The Latins learned letters and writing in 7th century BC from the Hellenistic colonies settled in Cumae in the Campania Region. Although it is known that the Etruscans brought the alphabet to the Italian Peninsula at an earlier date, the Romans developed an alphabetic system of 26 letters based on both Hellenic and Greek alphabets.
Once the Romans gained strength and captured first all of Italy and subsequently the entire Mediterranean world, Latin became the official language of conquered territories; Latin constitutes the basis of present-day Italian, Spanish, Portuguese, French, and Romanian. However, as there was a powerful Hellenistic writing system in the Eastern Mediterranean world, where Greece, Thrace, Anatolia, Mesopotamia, and Egypt are located, Latin did not gain a foothold in this region and remained as a secondary language. Even after the fall of the West Roman Empire in 475 AD, Latin continued to exist as the language of the Church until present times.
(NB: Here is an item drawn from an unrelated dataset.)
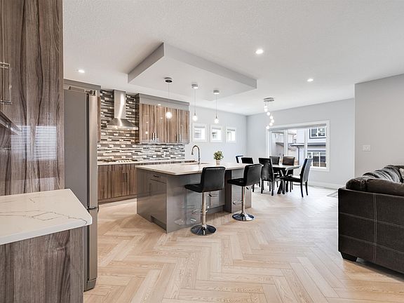 Prepare to be impressed by the stunning HERRINGBONE flooring throughout, setting warm and welcoming tones as you walk in. Offering over 4,000 sqft of serious comfort, function, and luxury. The main floor features 17 ft ceilings with an open concept kitchen, perfect for entertaining, while the FULLY FINISHED basement includes a WET BAR, generous rec room, cozy fireplace, and two additional bedrooms—ideal for guests or a growing family. A SEPERATE SIDE ENTRANCE adds convenience, and the HEATED TRIPLE car attached garage offers both space and comfort year-round. Stay cool with central AIR CONDITIONING, and retreat to the luxurious primary suite with a spa-like bathroom, complete with a jetted tub, tiled shower, and large walk-in closet. From top to bottom, this home is full of upgrades and personality—truly an awesome place to call home.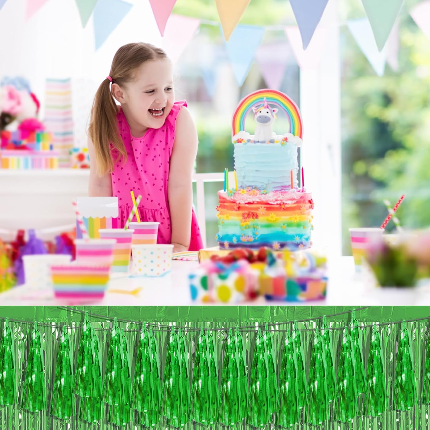 - 【Perfect Party Decoration】The green tinsel garlands are designed in a metallic Fringe, bright, and beautiful, at the same time, they shine in the sun, and these gorgeous tassel garlands create a wonderful backdrop or centerpiece for your party space. and bring you, your family, and your friend's good Visual effects. your party many emotional and touching moments where a lot of pictures will be taken and everybody will have a wonderful time together.

Inscribed on the wall of the temple also known as the Temple of August located next to the Mosque of Hacı Bayram in Ankara, “Monumentum Ancyranum” is the longest, most important, and most intriguing of the Latin inscription tablets discovered to date. Written by Augustus, the founder of the Roman Empire, shortly before his death in 14 AD this text was first read at the Senatus and was inscribed on two bronze columns erected in the city of Rome. Several copies were placed in various temples across other states of the Roman Empire. Today, the most intact copy of this inscription is preserved in Ankara.